→ **AVAILABLE DATA**
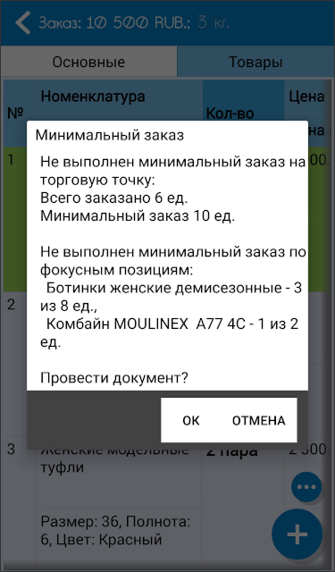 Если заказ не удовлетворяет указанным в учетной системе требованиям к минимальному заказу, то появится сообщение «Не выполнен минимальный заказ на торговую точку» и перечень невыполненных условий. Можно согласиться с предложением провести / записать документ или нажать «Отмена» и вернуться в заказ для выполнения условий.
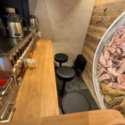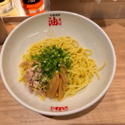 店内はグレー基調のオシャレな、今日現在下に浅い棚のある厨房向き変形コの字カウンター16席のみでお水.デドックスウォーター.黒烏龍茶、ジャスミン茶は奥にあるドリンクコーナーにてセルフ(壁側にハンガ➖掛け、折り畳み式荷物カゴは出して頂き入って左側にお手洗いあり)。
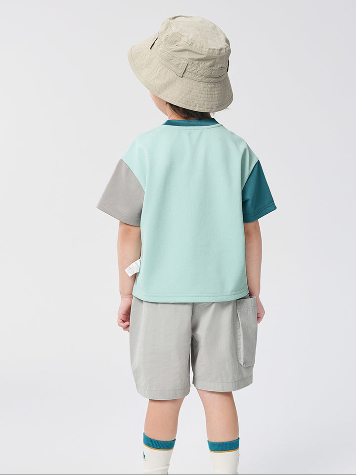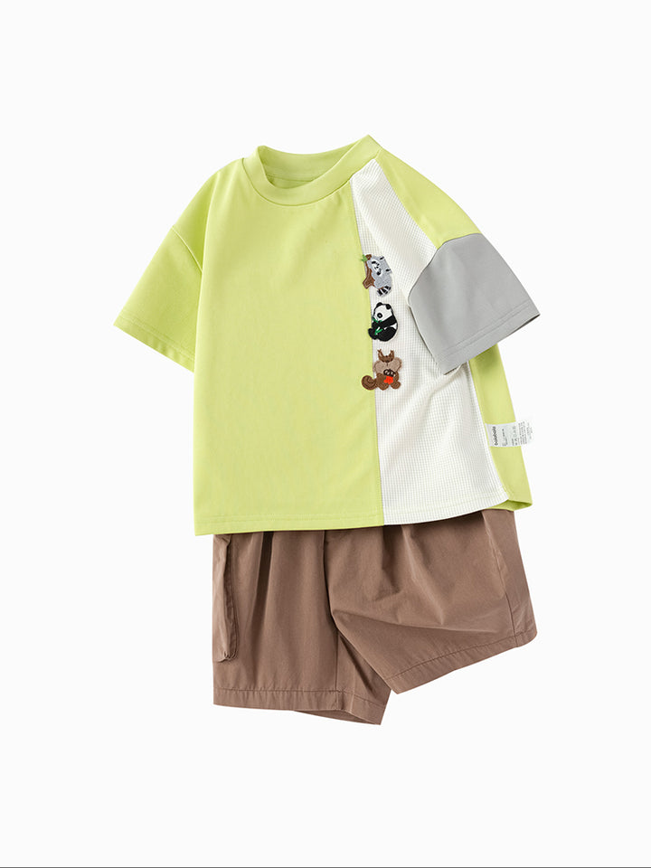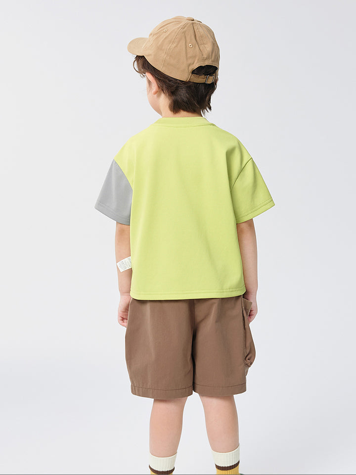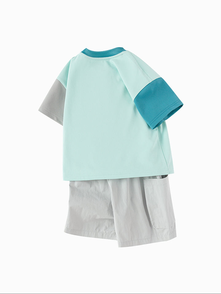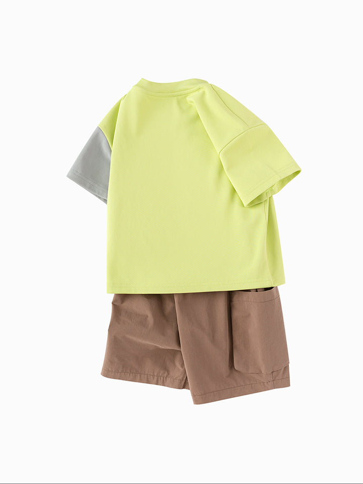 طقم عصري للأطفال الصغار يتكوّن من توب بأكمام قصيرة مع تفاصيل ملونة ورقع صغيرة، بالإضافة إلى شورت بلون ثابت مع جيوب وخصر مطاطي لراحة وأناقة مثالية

→ **DIRECTIONS FOR THIS TASK**
Set down nothing but the lines from the one containing "店内はグレー基調のオシャレな" to the final line above, both included, with every picture left out.

→ **TASK OUTPUT**
 店内はグレー基調のオシャレな、今日現在下に浅い棚のある厨房向き変形コの字カウンター16席のみでお水.デドックスウォーター.黒烏龍茶、ジャスミン茶は奥にあるドリンクコーナーにてセルフ(壁側にハンガ➖掛け、折り畳み式荷物カゴは出して頂き入って左側にお手洗いあり)。
 طقم عصري للأطفال الصغار يتكوّن من توب بأكمام قصيرة مع تفاصيل ملونة ورقع صغيرة، بالإضافة إلى شورت بلون ثابت مع جيوب وخصر مطاطي لراحة وأناقة مثالية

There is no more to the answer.